Par un jugement n° 2000730 du 3 janvier 2022, le tribunal administratif de Rennes a rejeté sa demande.
Procédure devant la cour :
Par une requête enregistrée le 16 décembre 2022, M. C..., représenté par Me Baudet, demande à la cour :
1°) d'annuler ce jugement du tribunal administratif de Rennes du 3 janvier 2022 ;
2°) d'annuler la décision du 23 août 2019 ;
3°) d'enjoindre à l'Office français de protection des réfugiés et apatrides de lui reconnaître la qualité d'apatride ;
4°) de mettre à la charge de l'Office français de protection des réfugiés et apatrides le versement à son conseil, qui renonce à percevoir la part contributive de l'Etat au titre de l'aide juridictionnelle, d'une somme de 2 000 euros sur le fondement des dispositions combinées des articles L. 761-1 du code de justice administrative et 37 de la loi n° 91-647 du 10 juillet 1991.
Il soutient que :
- la décision est insuffisamment motivée ;
- elle méconnait l'article 1er de la convention de New-York du 28 septembre 1954 et les dispositions de l'article L. 812-1 du code du séjour de l'étranger et du droit d'asile ;
- elle méconnaît les stipulations de l'article 8 de la convention européenne de sauvegarde des droits de l'homme et des libertés fondamentales et est entachée, pour ce motif, d'une erreur d'appréciation.
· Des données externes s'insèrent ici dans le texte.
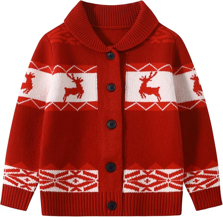 Kids Boys Girls Christmas Cardigans Ugly Xmas Sweaters Reindeer Snowflake Shawl Collar Knitted Cardigan Sweater

Il est arrivé en France à l'âge de 16 ans et y vit depuis plus de 23 ans, pays dans lequel il a construit l'ensemble de sa vie avec son fils, qui a la qualité de réfugié, et sa compagne Mme D... avec laquelle il vit depuis plus de 10 ans et qui est en situation régulière.
Par un mémoire enregistré le 26 décembre 2023, l'Office français de protection des réfugiés et apatrides, représenté par Me Laymond, conclut au rejet de la requête.
Il fait valoir qu'aucun des moyens n'est fondé.
M. C... a été admis au bénéfice de l'aide juridictionnelle totale par une décision du 17 octobre 2022.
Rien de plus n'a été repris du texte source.